El único y comprensible inconveniente de viajar entre dos mundos, es que los días pasan muy rápido y debes decidir de antemano a dónde dirigirte y qué hacer, porque el tiempo no alcanza para todo. No hay presión alguna respecto a ello, pues las misiones siempre estarán prestas para ser cumplidas, mas algunos personajes cambian su ubicación de acuerdo con la hora del día. Por cuestiones prácticas, en Carbónpolis es donde la historia principal se va desarrollando mientras ayudamos a la científica y los habitantes de este antiguo pueblo minero. En algún momento puede parecer molesto que Nevado en Carbónpolis nos corte abruptamente el progreso cuando anochece y Shin chan debe ir a casa a su rutina nocturna. Por frustrante que parezca, es la forma de recordarnos que se trata de un juego, no un trabajo.
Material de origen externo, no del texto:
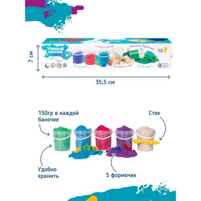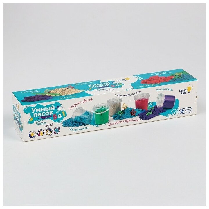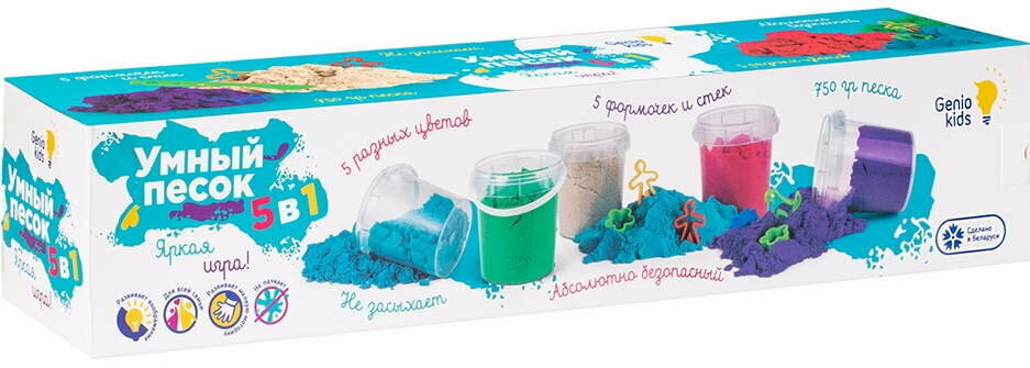 Умный песок Genio Kids "5 в 1" 750 г, 5 цветов, формочек, стек (SSR06)

Shin chan: Nevado en Carbónpolis cumple muy bien su función como sucesor de Mi verano con el profesor –La semana infinita, pese a que repita varios de los factores que le dieron forma. En todo el sentido de la palabra no es un nuevo Boku no Natsuyasumi, pues aquel es Natsu-Mon! 20th Century Summer Vacation de Kaz Ayabe. Sin embargo, amplía exponencialmente el fascinante estilo artístico de la serie y sus ilustraciones cobran vida fusionándose a la perfección con el universo de Crayon Shin-chan. Por su parte, Carbónpolis a veces recuerda a los escenarios de Professor Layton, aunque más bien se trate de un ‘coalpunk’, al que volvemos una y otra vez tanto por sus habitantes como por la resolución de sus secretos.
Reseña hecha con una copia digital de Shin chan: Nevado en Carbónpolis para Nintendo Switch brindada por Neos Corporation. El juego también está disponible en PC (Steam).